Showing posts with label Pallid Swifts. Show all posts
Showing posts with label Pallid Swifts. Show all posts

Sunday, 4 July 2010

Swifts by name, swift by nature

At the beginning of June last year, we posted some photographs of Pallid Swifts that we had taken here in the centre of Tavira. This morning we went into the town for another session with these remarkable birds.

If any family of birds is appropriately named, it's the Apodidae, the swifts. Having upgraded to a Canon EOS 50D since last year we felt better equipped to try and get some flight shots but still found it incredibly difficult; the speed of these birds is simply amazing and their line of flight often completely unpredictable.


Pallid Swifts usually nest under the eaves of buildings or in a hole in a wall; sometimes they will use a cave or a cliff crevice.
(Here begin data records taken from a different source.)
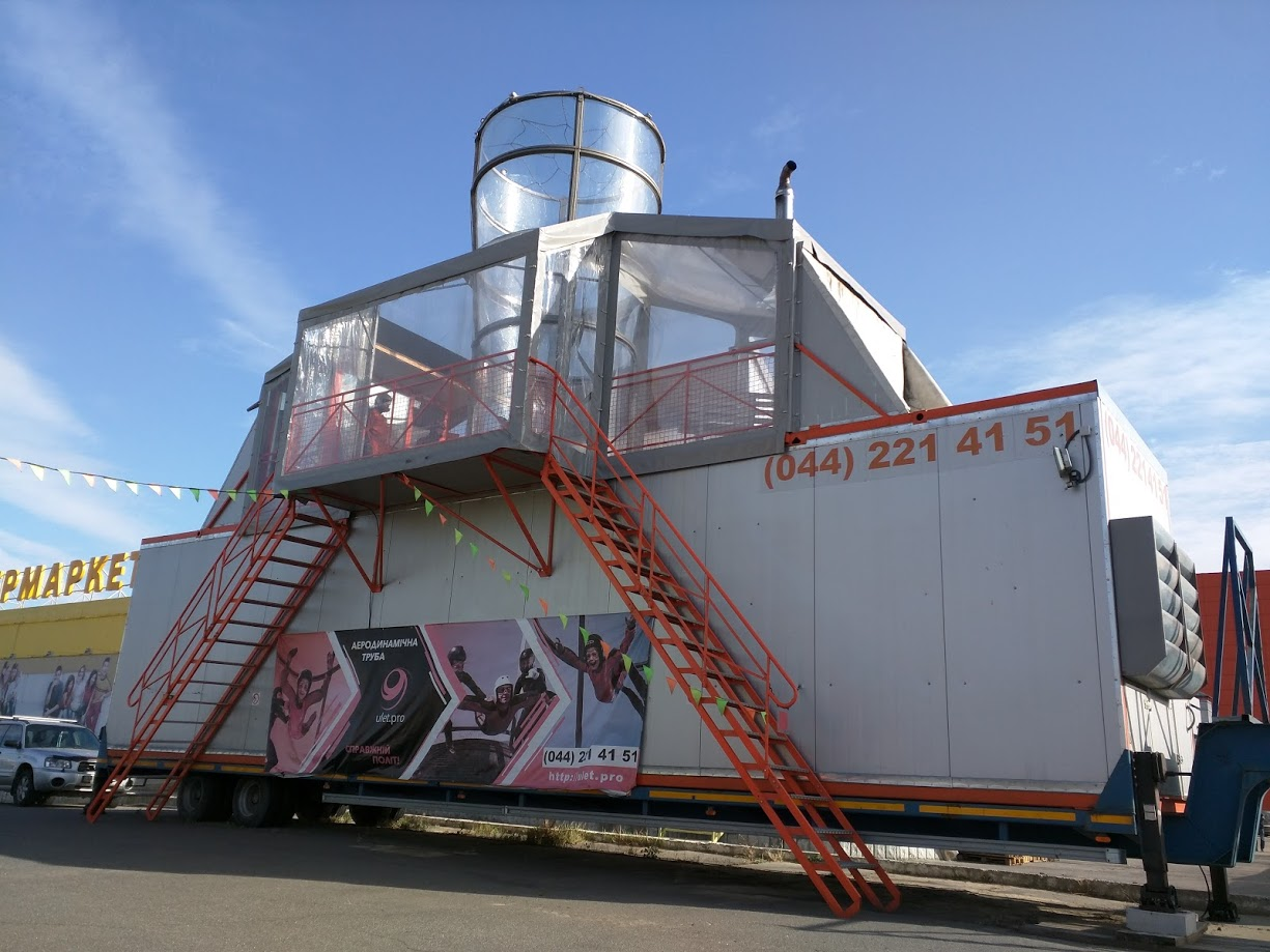 Mobile Vertical Wind Tunnel in Kyiv, Ukraine
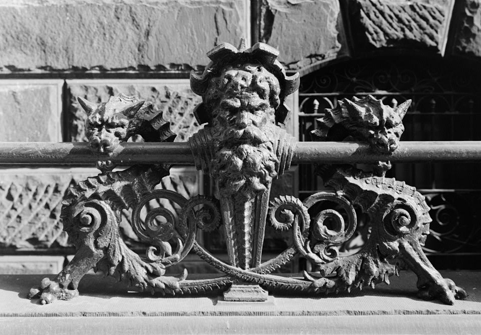 Dakota Apartments, 1 West Seventy-second Street, Central Park West, New York, New York County, NY
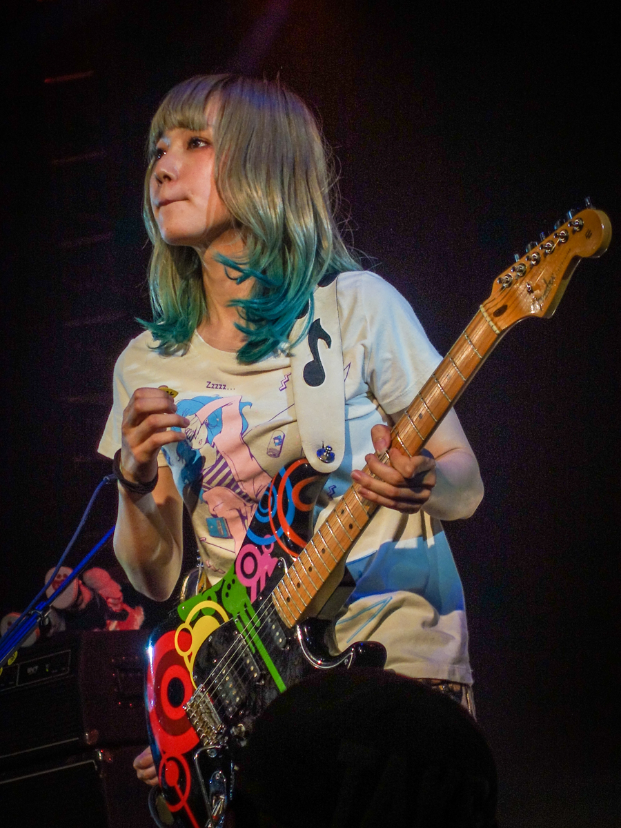 SCANDAL

Birds of the Western Paleacrtic lists only two instances of them nesting in holes in palm trees: in Algeria and in Portugal. The Portuguese reference is to 'our birds' in Tavira.



We were a month later than last year and this morning there was a frenzy of activity as uncountable numbers of birds were feeding young in the nests.

Wednesday, 3 June 2009

Pallid Swifts

Tavira, our base in the Eastern Algarve, is one of the few places where Pallid Swifts have been reported nesting in palm trees. This is not new behaviour but it does seem to be unusual. We have tried photographing them in previous years and we had an hour with them again yesterday. The trees are right in the centre of the town, close to the old market. The speed at which they come and go makes counting them very difficult but maybe as many as 50 pairs could be present.